This fall I will attend multiple Friday night football games where my daughter will dance on drill team. She will look in the stands and see her father and mother beaming with pride for her. She won’t see us sitting together, but she will see us getting along. We will be cordial and kind to one another as will our new spouses. Everyone will get along to help children cope with divorce.
She will not feel any turmoil as there is none. She will not feel angst over her parents being together. She will be like any other 8th grade dancer out there. Focused on her team, her dancing and her friends. This was not the case for many years. There was turmoil, there was unkindness and there was much angst. When we had to meet it was stressful and felt by everyone in the room. As hard as a divorce can be on the separating partners, it can be even harder on any children involved. As a parent, it’s up to you to soothe some of their turmoil. Here are some tips to help you make the adjustment as easy as possible for everyone.
- Let Them Keep Both Parents
To really help children cope with divorce, you want your kids to feel as if they’re still part of one family–just spread out under two roofs. Helping them maintain a relationship with your ex may not be what you want, but it is what’s best. Your kids really do need it. You and your former spouse should both spend plenty of time with the kids. Sharing the responsibly of raising them isn’t a nice-to-have for either parent: it’s a must.
- Leave Them out of the Drama
Your children aren’t soldiers in a conflict with your ex. Don’t make them feel like they must side with anyone. Letting them stay completely neutral in every respect will ease their transition to the new structure. Here are some healthy habits you can form to help with this:
- Only say nice things about your ex around your kids.
- Don’t gossip about your ex.
- Never ask your kids to keep secrets from their other parent.
- Never use them as little messengers to communicate with your ex.
- Don’t try to hog them to yourself to “punish” your ex.
- Don’t compete with your ex to win favor. Even after a divorce, parenting is still a collaboration, not a competition.

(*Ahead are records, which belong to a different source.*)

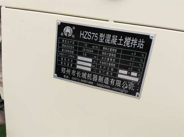 混凝土1.5方攪拌機(jī)主機(jī)銘牌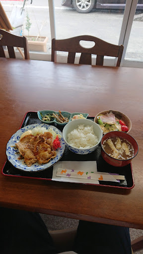 ランチメニューは全品500円で大満足のボリューム。 今回は月曜の定食?のしょうが焼き定食を注文。 甘めのタレに紅生姜とマヨネーズがよく合うしょうが焼きが5枚も。 ご飯も漬物も地元の独特なもので、とても美味しい! お味噌汁も地元の味噌を使っておりとても優しい味。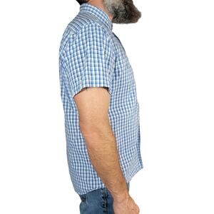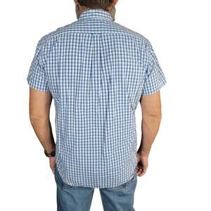 Izod Short Sleeve Button Down Mens Shirt Blue and White Size XL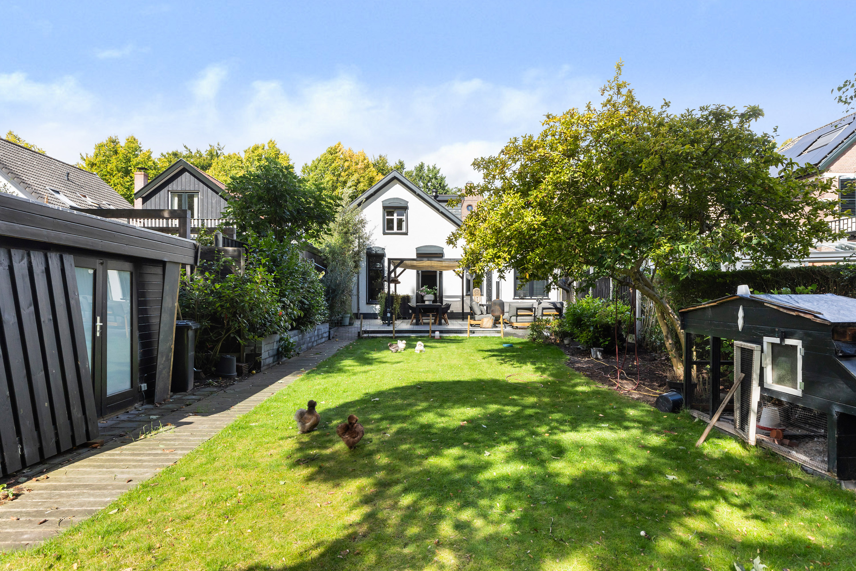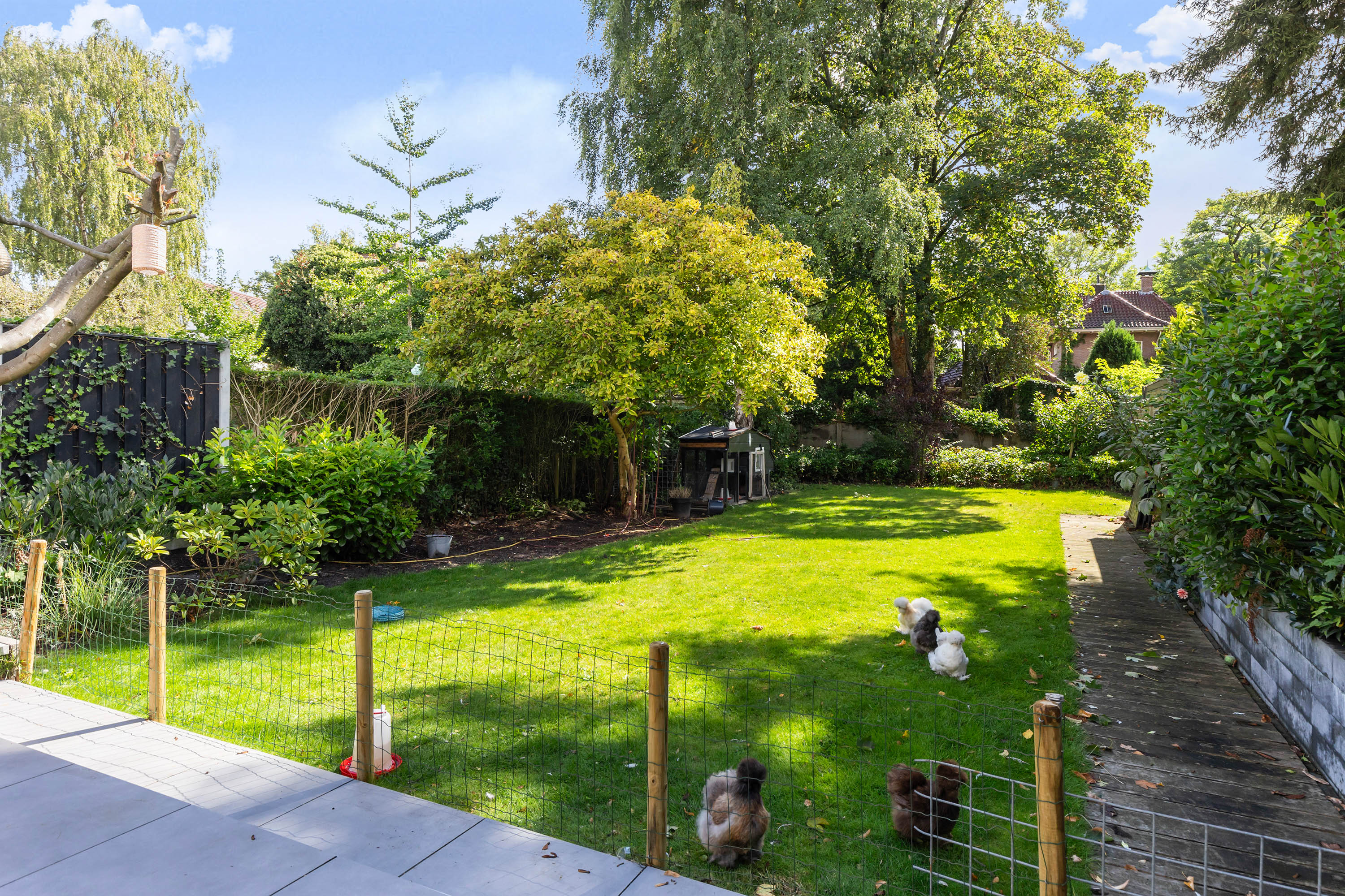 De achtertuin is circa 30 meter diep, volledig besloten en gelegen op het zuidwesten. Dankzij de volgroeide bomen en het groen rondom geniet u hier van optimale privacy. Het royale terras biedt ruimte voor zowel een grote loungeset als een eettafel, zodat u op elk moment van de dag van zon of schaduw kunt genieten. Verder is er een gazon, een kippenren en een houten berging aanwezig.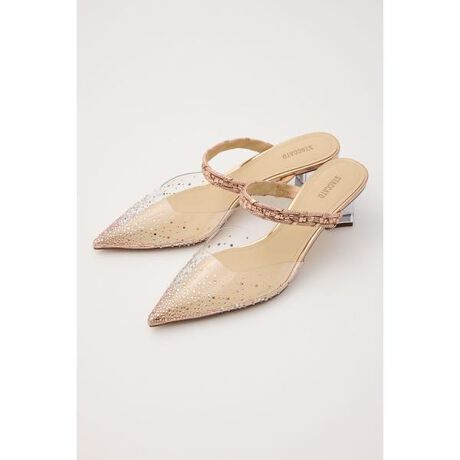 毎年人気のSTACCATOらしいニュアンス感が漂う、オリジナリティあふれるシースルーミュールに新デザインがお目見え。細部にまでこだわりの詰まったPVCに、華やかな〇◇のクリスタルストーンを絶妙なバランスで装飾。ベルト部分にもディテールの凝った3種の編み込みデザインベルトを採用しました。履き口のカッティングも、脚がよりきれいに見えるよう改良。ダイヤカットの抜け感ある変形クリアヒールに、さっと履けるミュールタイプもポイント高い1足です。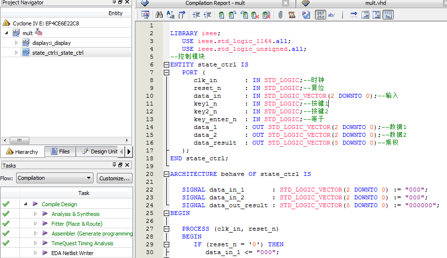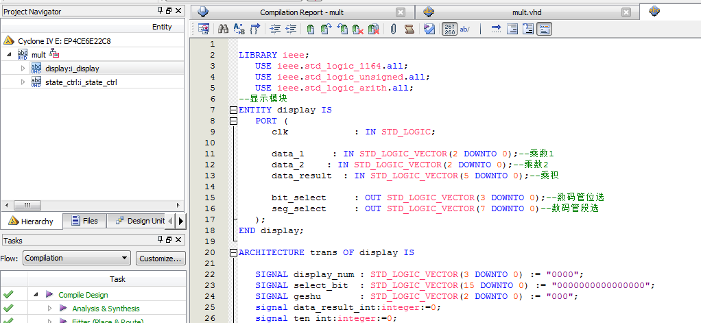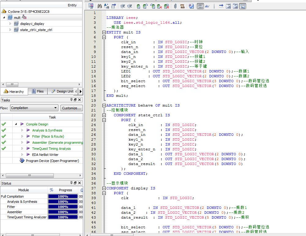 名称:基于FPGA的3位二进制的乘法器VHDL代码Quartus? 开发板

- Make Your Home a Safe Space
Kids can sometimes feel like they’ve betrayed you by spending time with your ex. Do everything you can to ward off that anxiety. Your home should always be a sanctuary for your children. Don’t let them feel like they’re bringing the effects of the divorce along with them. Always welcome them into a safe, cozy home, free from any negativity. And don’t assume you know their feelings, either. Kids can be better than you might think at hiding insecurities. Go above and beyond to reassure them. None of it is their fault, right? Your feelings toward your ex don’t affect your love for them. Nothing at all could ever affect your love for them. You know all that, of course. Make sure they always do too. Make sure they believe it.
- Let Them Be Kids
Divorce always comes with a whole slew of adult problems. That’s unavoidable, but you should leave those adult problems to the adults. And your kids? Well, they should just keep right on being kids. To help children cope with divorce, maintain their social life, play dates, sports, and more. These distractions are a great way to keep their thoughts away from doubt and sadness. Don’t burden them with grownup issues or let them wallow in confusion. Fill their days and nights with good old-fashioned being-a-kid. Childhood itself can be the best balm for any child’s concerns.